Material for this task -
::::::::
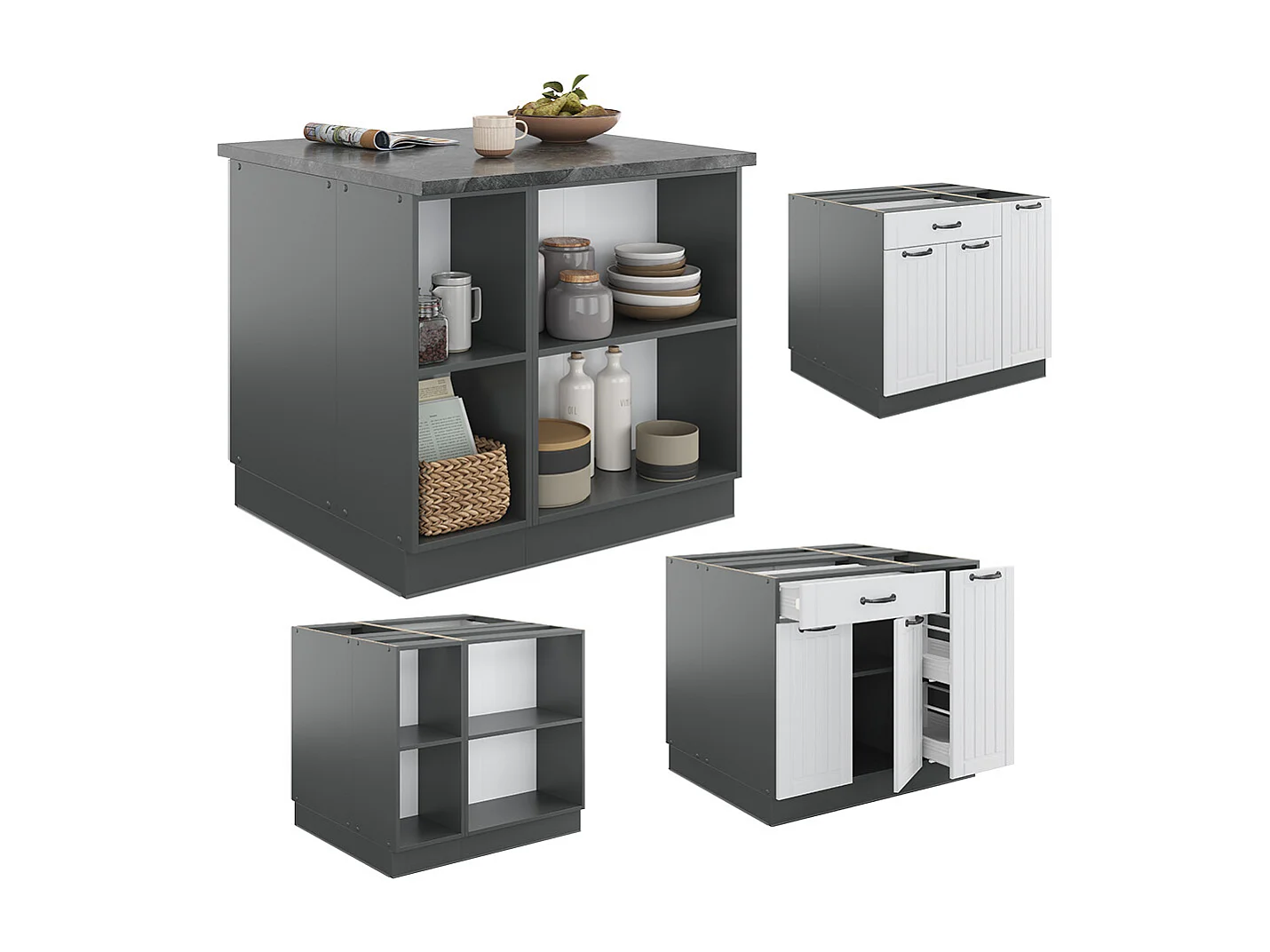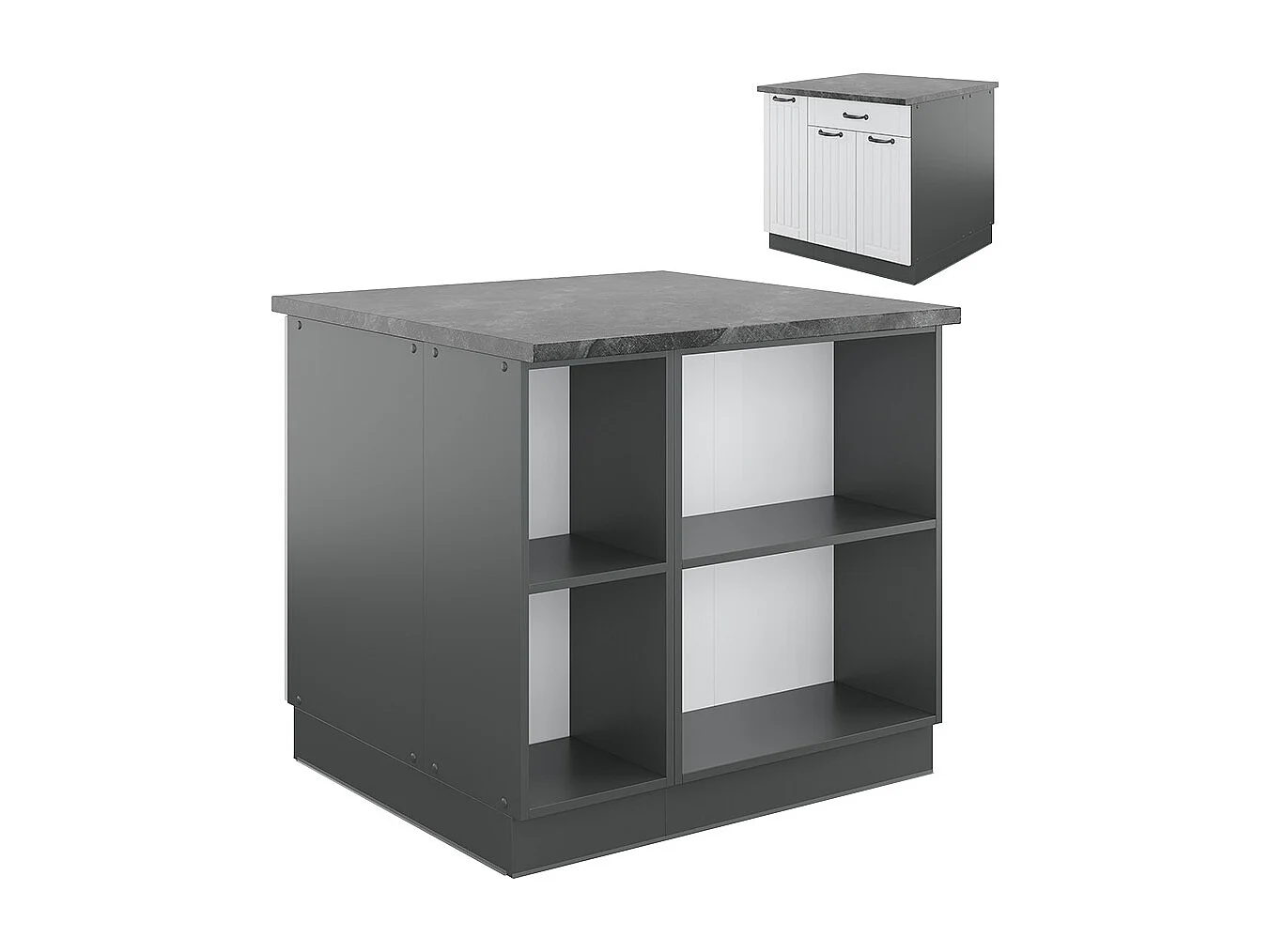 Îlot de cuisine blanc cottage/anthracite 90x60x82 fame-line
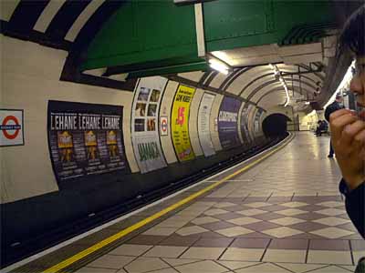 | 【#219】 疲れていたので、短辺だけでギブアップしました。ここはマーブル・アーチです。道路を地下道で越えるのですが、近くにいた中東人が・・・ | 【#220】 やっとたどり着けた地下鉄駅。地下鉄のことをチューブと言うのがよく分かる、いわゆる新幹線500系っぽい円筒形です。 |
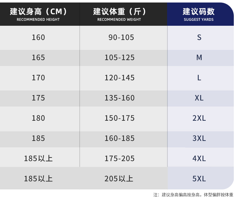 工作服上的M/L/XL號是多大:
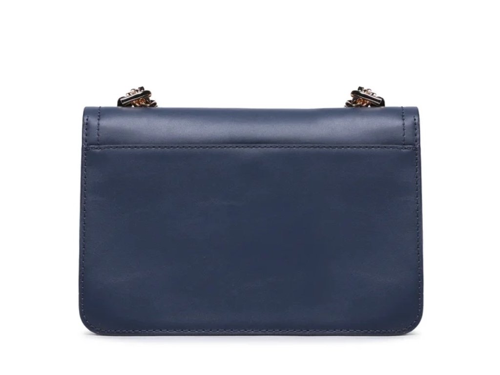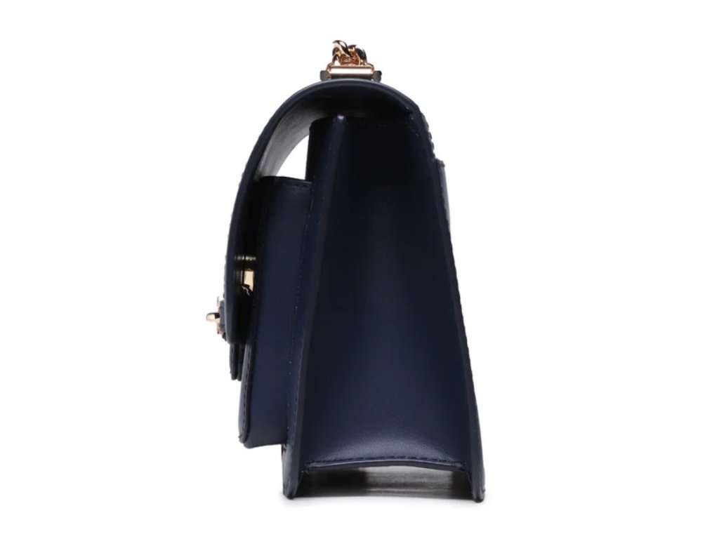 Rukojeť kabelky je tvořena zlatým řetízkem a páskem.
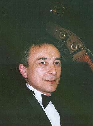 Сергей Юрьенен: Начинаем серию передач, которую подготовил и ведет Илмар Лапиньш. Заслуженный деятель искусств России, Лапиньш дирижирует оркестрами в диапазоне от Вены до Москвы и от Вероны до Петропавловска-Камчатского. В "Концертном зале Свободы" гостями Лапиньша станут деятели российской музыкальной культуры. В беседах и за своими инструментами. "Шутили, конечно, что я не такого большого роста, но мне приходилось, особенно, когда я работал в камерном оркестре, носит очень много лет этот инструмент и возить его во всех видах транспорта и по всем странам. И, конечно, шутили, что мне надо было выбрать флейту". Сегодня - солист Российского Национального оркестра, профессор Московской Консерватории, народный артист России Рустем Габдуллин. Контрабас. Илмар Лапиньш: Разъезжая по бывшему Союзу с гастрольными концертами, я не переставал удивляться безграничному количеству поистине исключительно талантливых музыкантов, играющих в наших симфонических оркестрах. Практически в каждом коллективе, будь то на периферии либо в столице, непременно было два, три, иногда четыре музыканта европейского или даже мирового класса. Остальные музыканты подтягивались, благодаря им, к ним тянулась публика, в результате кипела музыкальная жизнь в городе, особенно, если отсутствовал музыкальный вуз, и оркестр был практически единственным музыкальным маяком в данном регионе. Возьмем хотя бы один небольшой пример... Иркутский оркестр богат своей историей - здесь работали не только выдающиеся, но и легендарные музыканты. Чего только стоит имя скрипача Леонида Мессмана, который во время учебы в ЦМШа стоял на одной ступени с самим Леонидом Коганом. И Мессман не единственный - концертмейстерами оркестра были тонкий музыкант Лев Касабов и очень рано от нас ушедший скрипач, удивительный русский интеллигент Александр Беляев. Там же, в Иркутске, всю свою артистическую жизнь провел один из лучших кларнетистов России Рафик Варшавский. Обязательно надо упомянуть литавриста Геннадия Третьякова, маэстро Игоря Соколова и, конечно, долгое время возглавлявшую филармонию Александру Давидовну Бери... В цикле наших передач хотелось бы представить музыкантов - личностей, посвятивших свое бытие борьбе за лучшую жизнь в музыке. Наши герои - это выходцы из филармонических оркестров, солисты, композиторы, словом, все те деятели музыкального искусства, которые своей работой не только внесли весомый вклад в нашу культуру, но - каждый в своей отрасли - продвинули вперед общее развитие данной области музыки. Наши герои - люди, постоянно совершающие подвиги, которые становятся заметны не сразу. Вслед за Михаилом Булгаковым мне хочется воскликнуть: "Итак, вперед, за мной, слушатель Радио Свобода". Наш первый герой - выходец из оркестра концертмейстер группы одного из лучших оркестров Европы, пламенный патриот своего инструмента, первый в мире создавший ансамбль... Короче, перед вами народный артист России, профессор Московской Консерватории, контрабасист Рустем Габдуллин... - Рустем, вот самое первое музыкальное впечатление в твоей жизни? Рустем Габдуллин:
::::::::
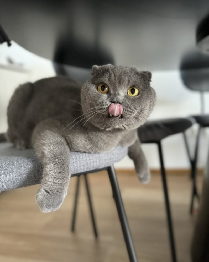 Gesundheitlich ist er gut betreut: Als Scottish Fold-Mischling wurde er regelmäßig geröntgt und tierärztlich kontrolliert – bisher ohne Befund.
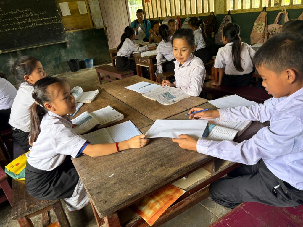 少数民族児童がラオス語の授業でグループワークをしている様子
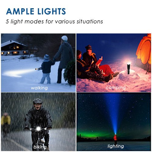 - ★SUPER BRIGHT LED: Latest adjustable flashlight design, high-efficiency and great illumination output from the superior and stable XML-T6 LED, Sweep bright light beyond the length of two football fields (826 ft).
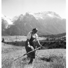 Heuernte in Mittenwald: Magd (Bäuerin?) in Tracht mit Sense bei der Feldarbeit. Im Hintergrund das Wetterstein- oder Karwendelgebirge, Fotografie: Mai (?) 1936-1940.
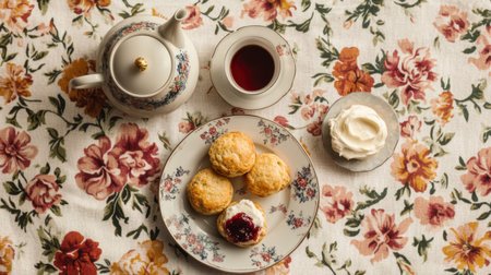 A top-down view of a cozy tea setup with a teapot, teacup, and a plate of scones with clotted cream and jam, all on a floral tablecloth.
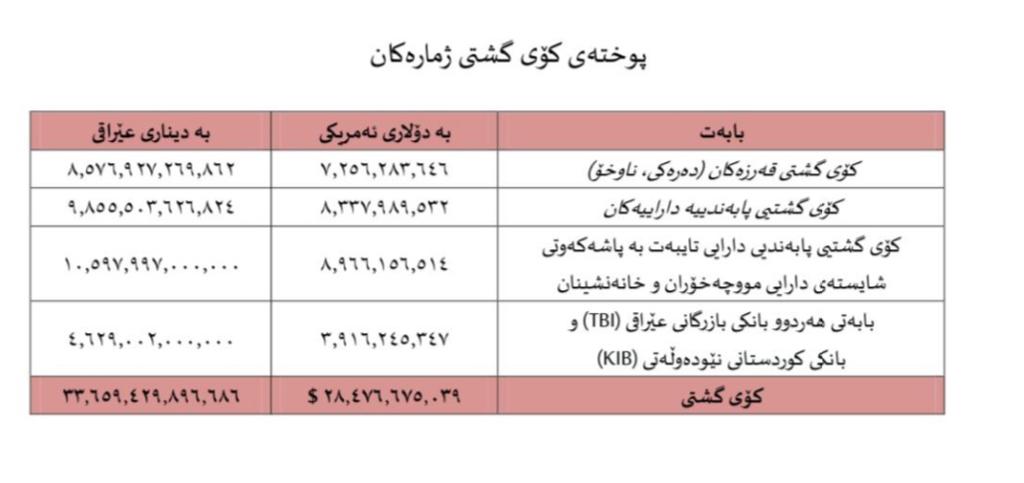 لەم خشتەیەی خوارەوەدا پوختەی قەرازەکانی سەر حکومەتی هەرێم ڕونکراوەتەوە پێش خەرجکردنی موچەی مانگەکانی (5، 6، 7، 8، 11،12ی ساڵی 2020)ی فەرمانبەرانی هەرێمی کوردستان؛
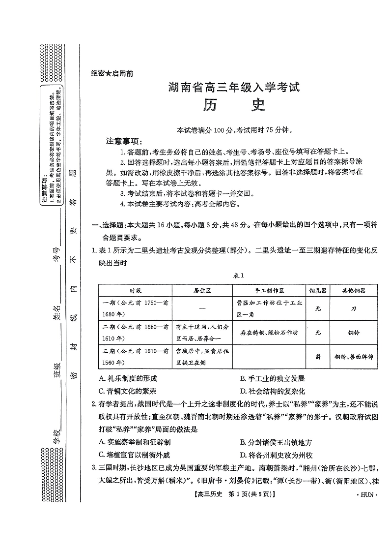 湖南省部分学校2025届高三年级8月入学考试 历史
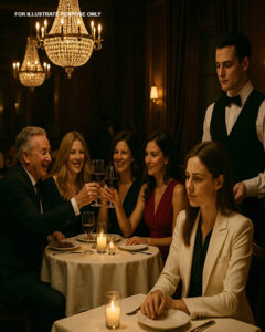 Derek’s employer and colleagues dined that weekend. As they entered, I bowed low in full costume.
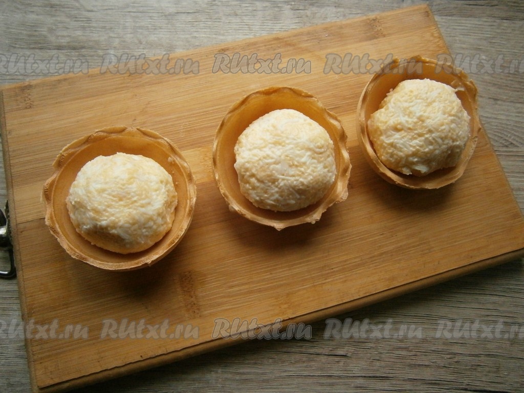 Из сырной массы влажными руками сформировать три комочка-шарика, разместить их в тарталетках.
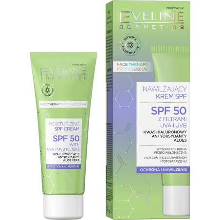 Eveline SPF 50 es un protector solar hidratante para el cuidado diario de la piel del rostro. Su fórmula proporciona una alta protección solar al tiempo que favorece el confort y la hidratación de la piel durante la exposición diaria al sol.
::::::::
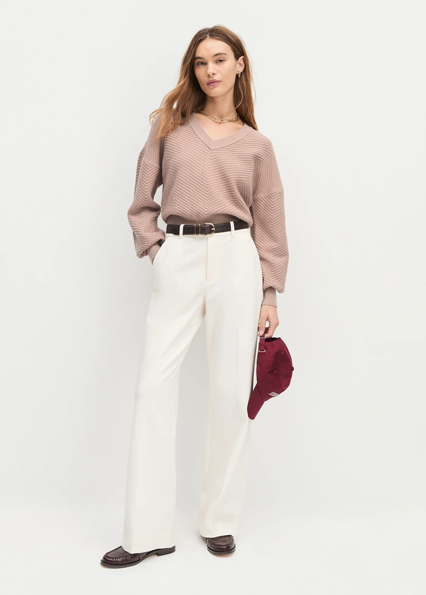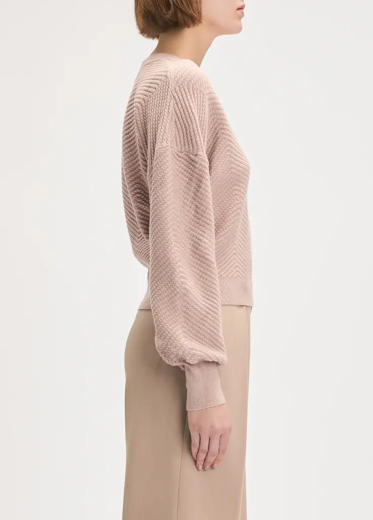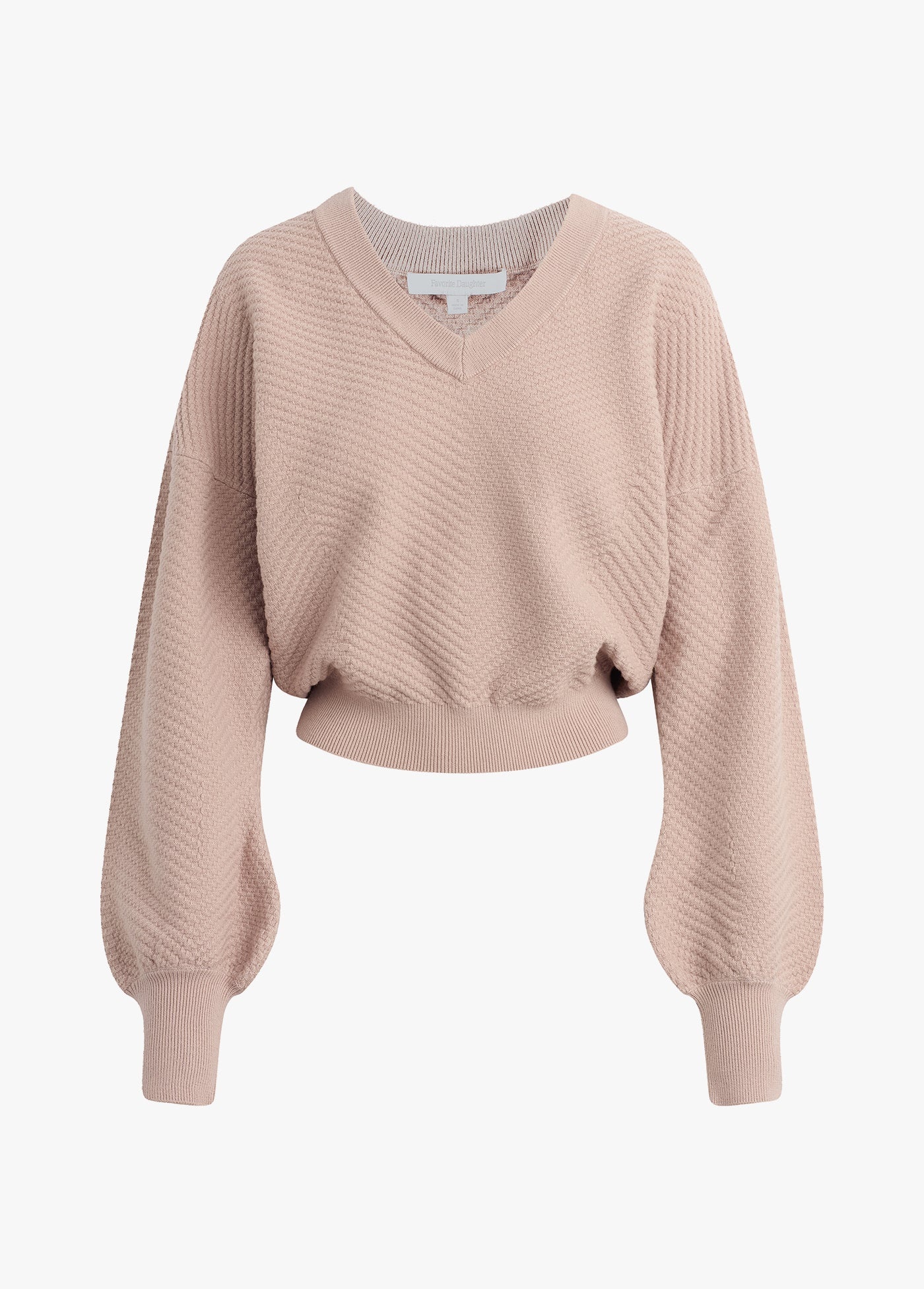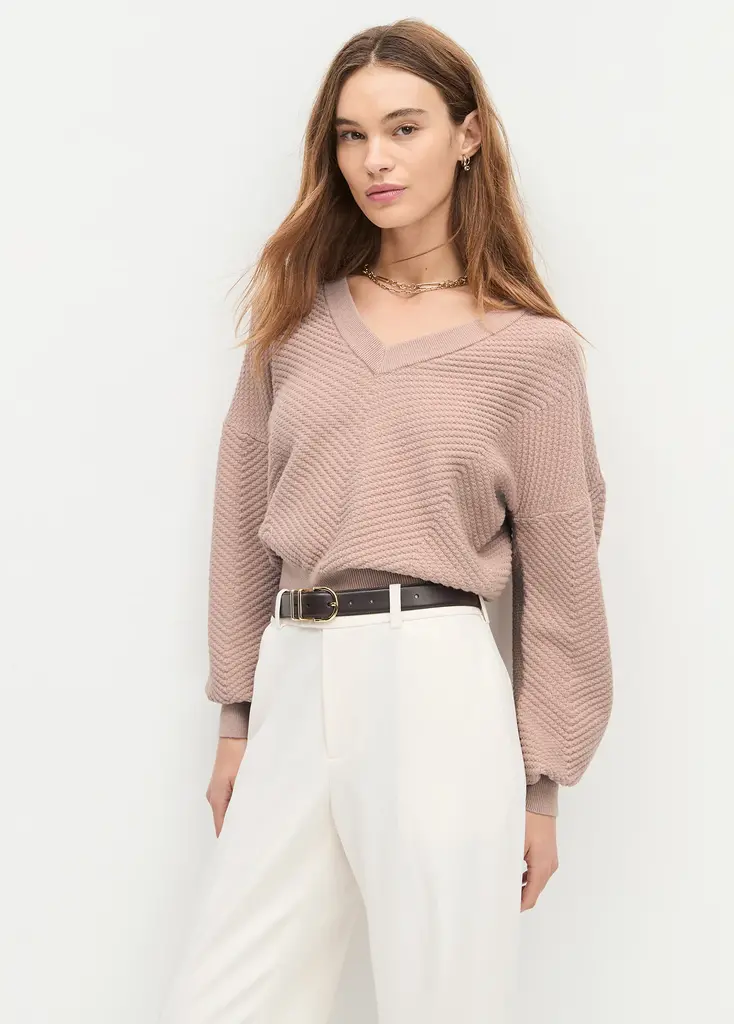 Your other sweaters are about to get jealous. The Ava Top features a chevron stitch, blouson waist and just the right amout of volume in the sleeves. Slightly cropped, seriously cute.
::::::::
Your goal - Look above for the line with "- ★SUPER BRIGHT" and the line with "Eveline SPF 50". Copy them and every line between, exactly, but no pictures.

Written answer -
 - ★SUPER BRIGHT LED: Latest adjustable flashlight design, high-efficiency and great illumination output from the superior and stable XML-T6 LED, Sweep bright light beyond the length of two football fields (826 ft).
 Heuernte in Mittenwald: Magd (Bäuerin?) in Tracht mit Sense bei der Feldarbeit. Im Hintergrund das Wetterstein- oder Karwendelgebirge, Fotografie: Mai (?) 1936-1940.
 A top-down view of a cozy tea setup with a teapot, teacup, and a plate of scones with clotted cream and jam, all on a floral tablecloth.
 لەم خشتەیەی خوارەوەدا پوختەی قەرازەکانی سەر حکومەتی هەرێم ڕونکراوەتەوە پێش خەرجکردنی موچەی مانگەکانی (5، 6، 7، 8، 11،12ی ساڵی 2020)ی فەرمانبەرانی هەرێمی کوردستان؛
 湖南省部分学校2025届高三年级8月入学考试 历史
 Derek’s employer and colleagues dined that weekend. As they entered, I bowed low in full costume.
 Из сырной массы влажными руками сформировать три комочка-шарика, разместить их в тарталетках.
 Eveline SPF 50 es un protector solar hidratante para el cuidado diario de la piel del rostro. Su fórmula proporciona una alta protección solar al tiempo que favorece el confort y la hidratación de la piel durante la exposición diaria al sol.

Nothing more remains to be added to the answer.